- Born: 2 September 1886 Les Ponts-de-Martel, Switzerland
- Died: 27 September 1952 (aged 66) La Chaux-de-Fonds, Switzerland
- Known for: Expeditions in Africa; studies on deep-water fauna of Lake Neuchâtel; descriptions of new copepod species
- Scientific career
- Fields: Natural history, zoology, botany
- Institutions: Museum of Natural History of La Chaux-de-Fonds

= Albert Monard =

Swiss zoologist (1886–1952)

Albert Monard (2 September 1886 – 27 September 1952) was a Swiss naturalist and explorer.

== Biography ==
A doctor of science, Monard was a professor at the Gymnasium of La Chaux-de-Fonds (today the Lycée Blaise-Cendrars). He devoted his life to scientific research, publishing works on the deep-water fauna of Lake Neuchâtel, describing many new species of copepod crustaceans, and laying the foundations of a new classification of this group.

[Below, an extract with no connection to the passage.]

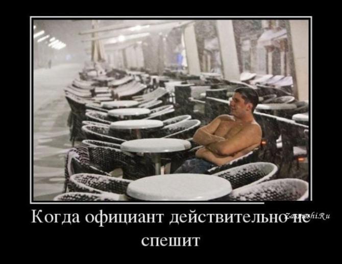 Официант не спешит.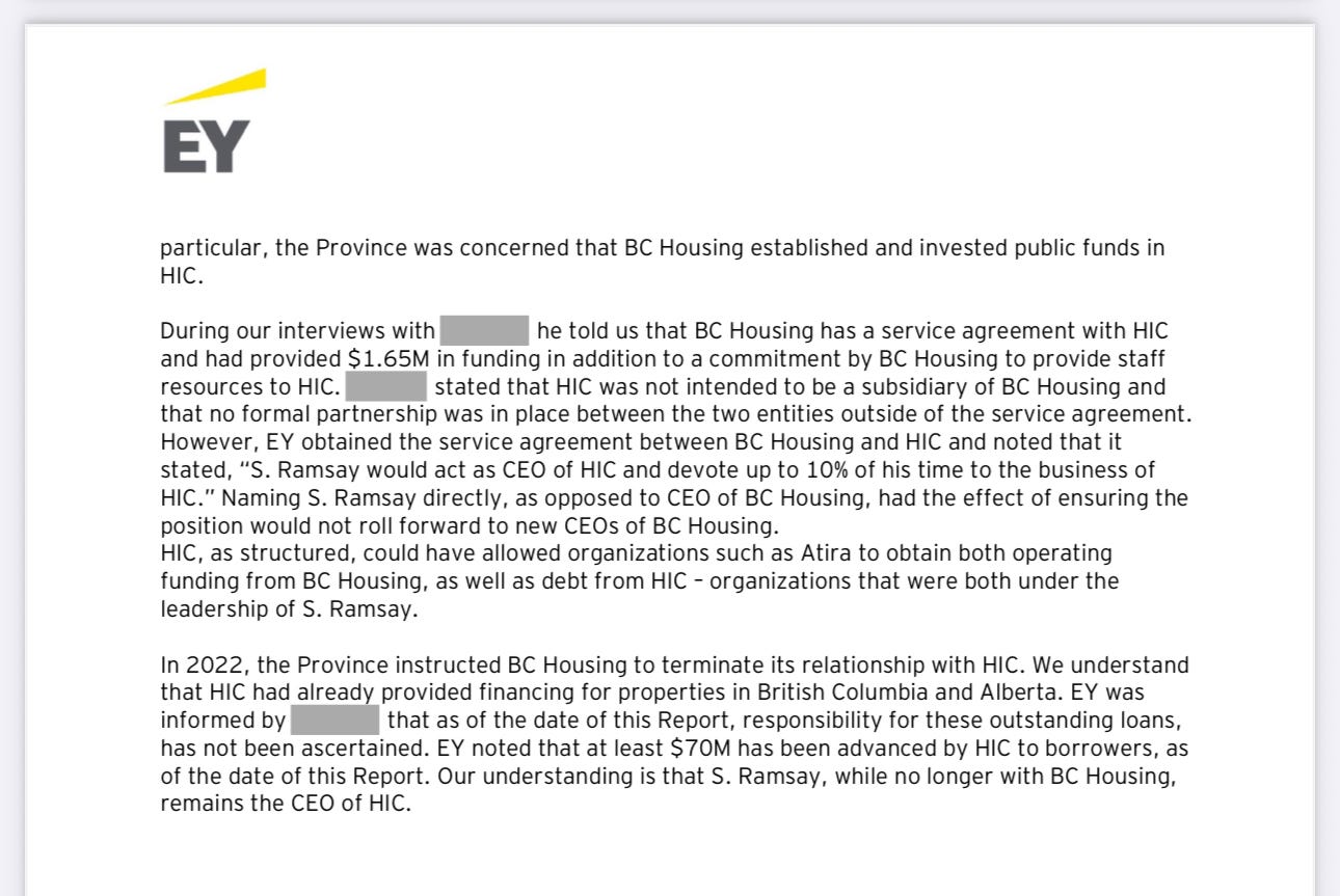 Shayne Ramsay functioned as the CEO of BC Housing, while his wife Janice Abbot, functioned as CEO of Atira, the largest nonprofit housing provider in BC. Ramsay over-involved himself in BC Housing dealings that related to Atira. Atira received preferential treatment and its funding from BC Housing rose over a period of years. Atira’s for-profit arm has an affiliation with CIRES, a property management social enterprise. Atira received many direct awarded contracts from BC Housing. Ramsay and Abbot advocated for CIRES to receive property management contracts. Ramsay funnelled millions of dollars of BC Housing funds into a federally incorporated private lending company he founded with the Ontario and Manitoba housing crown corporations, assisted by the federal government through its housing slush fund. No record of any consultation or approval for the public investment into a private company exists according to the province of BC. Ramsay also committed BC Housing staff to the private lending company. By the time the province of BC discovered the arrangement between BC Housing and HIC, HIC had advanced $70 million to its borrowers. Ernst and Young could not ascertain responsibility for these outstanding loans, earmarked for housing projects in Edmonton and Vancouver.

From 1921 to 1954 he served as curator of the Museum of Natural History of La Chaux-de-Fonds.

His passion for scientific expeditions led him four times to Africa, from where he brought back important collections, most of which were deposited in the Museum of Natural History of La Chaux-de-Fonds, but also in other institutions such as the museums of Fleurier, Neuchâtel, Bienne, Le Locle, Saint-Imier and Solothurn.

In 1919, he self-published a practical tool for studying flora, Le Petit botaniste romand, which continues to be used in schools in Romandy. In 1924, he established the harpacticoid copepod genus Syngastes.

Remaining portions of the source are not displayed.